Washington — Michigan Democratic Sens. Debbie Stabenow and Gary Peters are requesting a meeting with President Donald Trump to talk about ways to promote American jobs and manufacturing and reduce outsourcing.

The White House is observing “Made In America” week with activities and demonstrations of American products. The senators reminded Trump that he has promised, but not presented, a plan to end outsourcing — moving production overseas — and create jobs.

“As senators who have long supported domestic manufacturing, we share a common goal in rewarding manufacturers that make products domestically and create good-paying jobs. Thus, we respectfully request a meeting with you to discuss an economic agenda that promotes American manufacturing by preventing outsourcing and implementing strong Buy American laws,” the lawmakers wrote.

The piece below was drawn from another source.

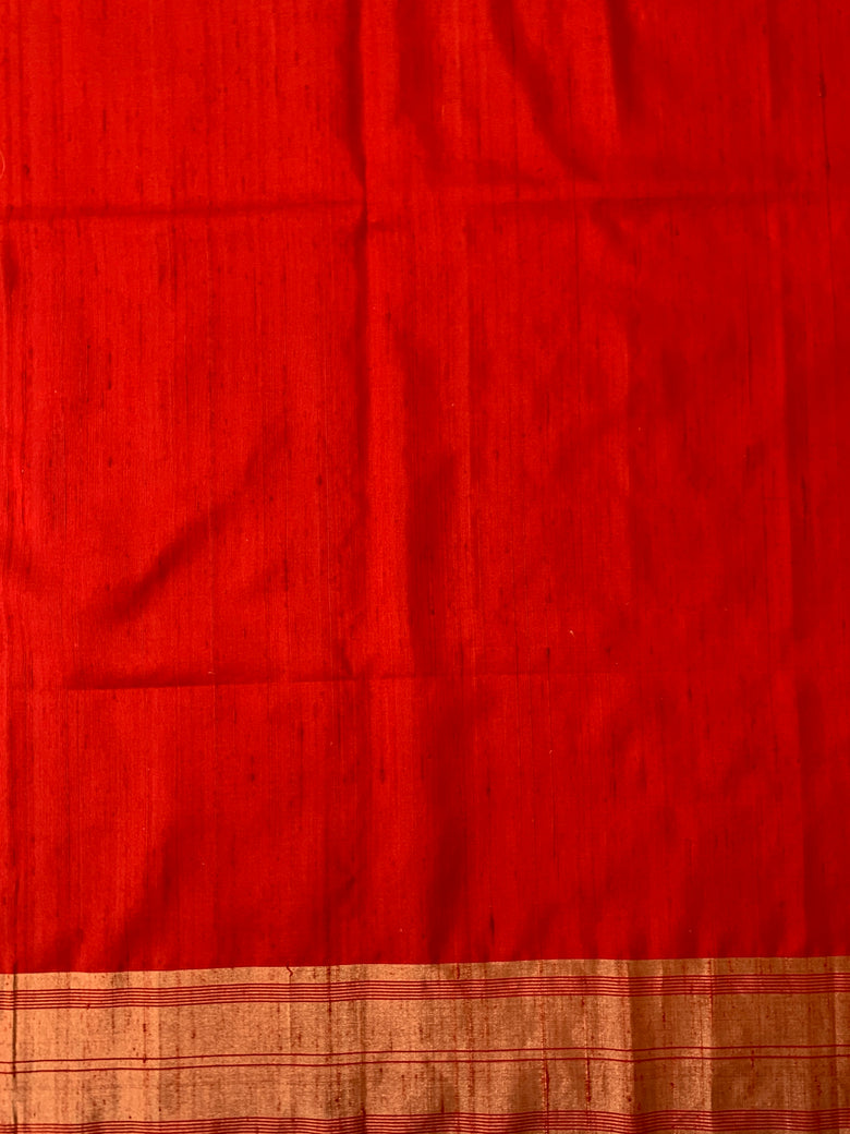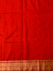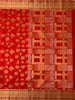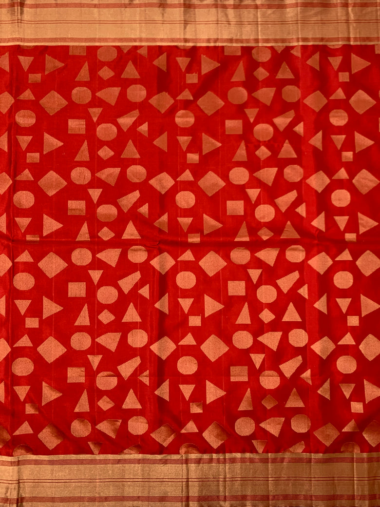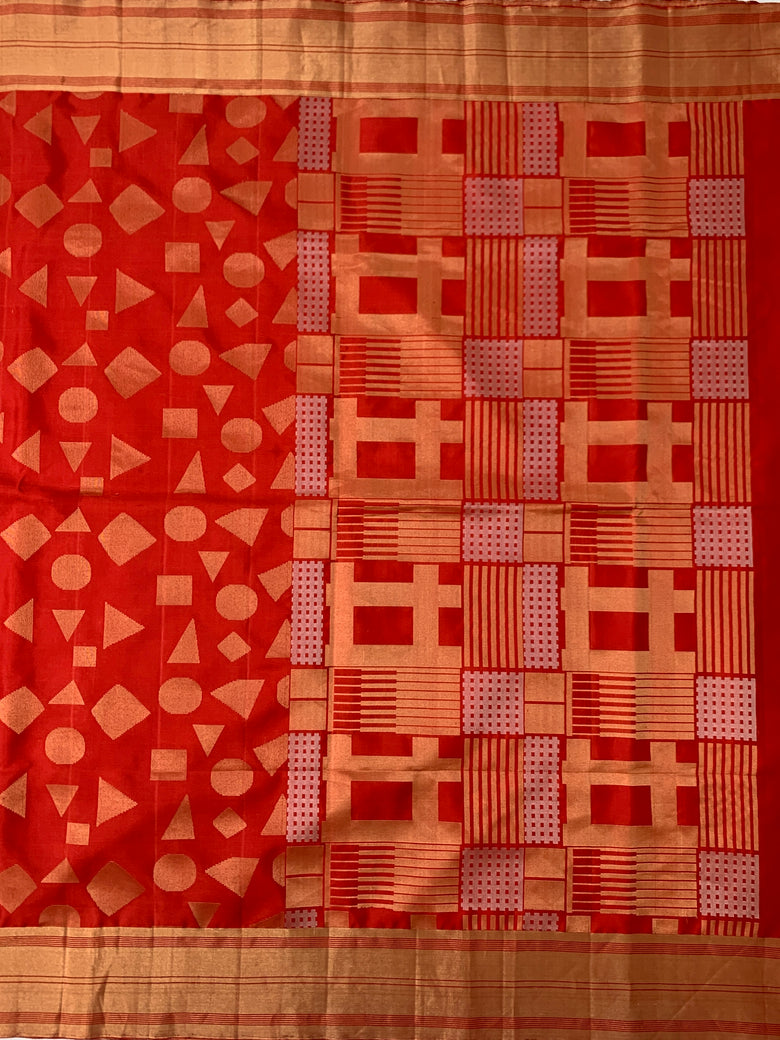 This Soft Silk Saree features an all-over gold zari geometrical design, as well as a self kaddi border and gold and silver zari traditional pallu. The Red hue of the saree is enhanced with a simple self blouse accentuated with a classic border, creating a graceful, traditional Indian elegance in a classic, timeless fashion, ideal for any special occasion.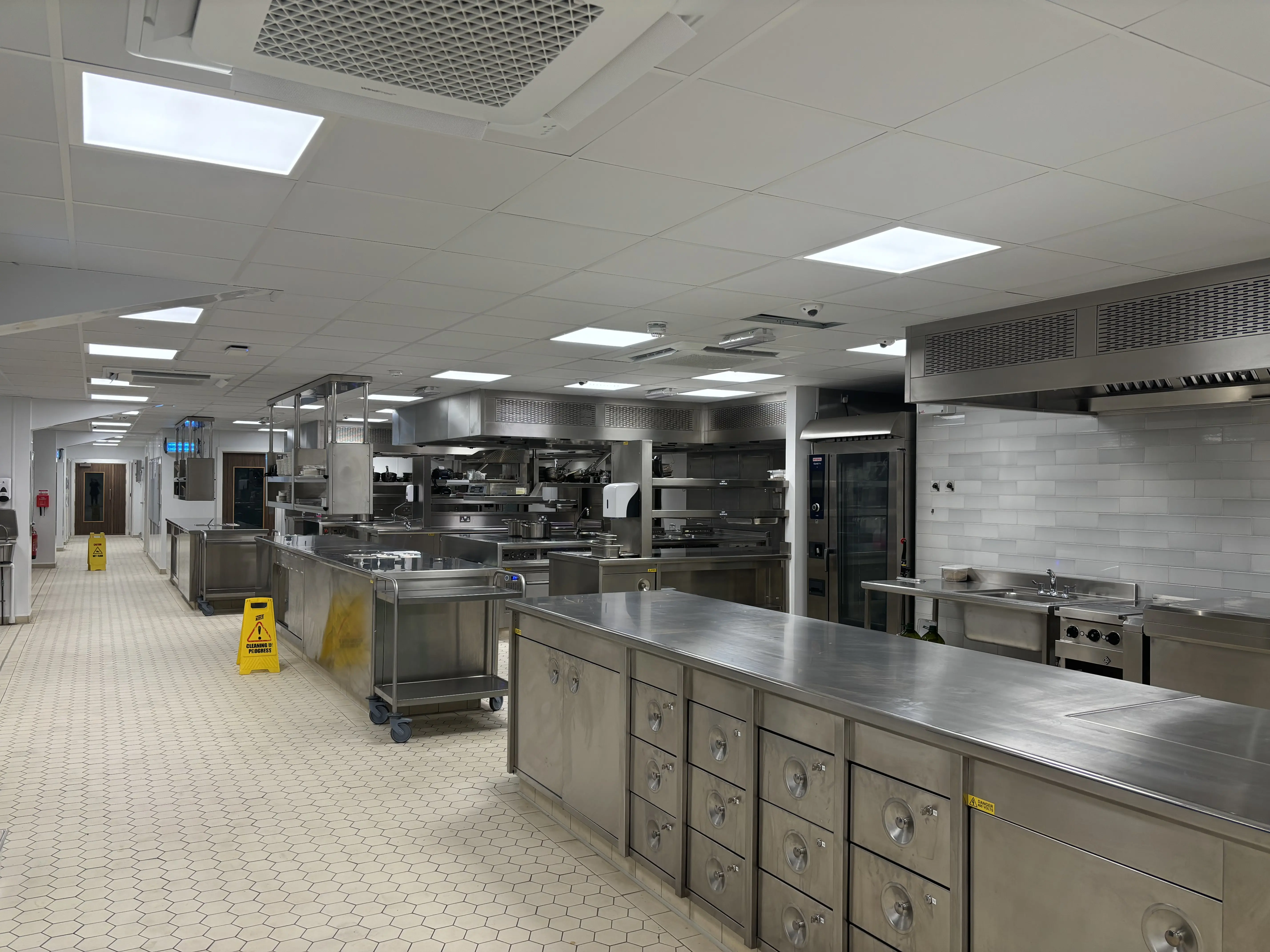 The project covered high-traffic public areas, as well as essential back-of-house spaces including commercial kitchens, offices, and staff welfare zones.

“Given our shared interest, we request a meeting to discuss a broad range of legislative proposals that will promote U.S. jobs and lead to economic growth.”

Trump officials have been working with Republican House and Senate leaders on a tax reform package that would cut tax rates for individuals and companies — moves that the GOP and Trump have argued would create jobs.

Both Stabenow of Lansing and Peters of Bloomfield Township have introduced legislation related to boosting American-made goods and U.S. manufacturing jobs.

Stabenow in March introduced a bill to close loopholes in the existing law encouraging the federal government to buy American-made products when available.

The legislation would also make it harder for federal officials to justify waivers under the law and require agencies to report to Congress annually the amount they spent on foreign-made goods.

Peters earlier this year introduced a bill that would require publicly traded companies outsourcing jobs to disclose that fact in their public filings with the Securities and Exchange Commission.

The Securities and Exchange Commission currently doesn’t require the disclosure of where a company’s employees are based, though a company must report total employees and anticipated changes in employment levels for corporate departments.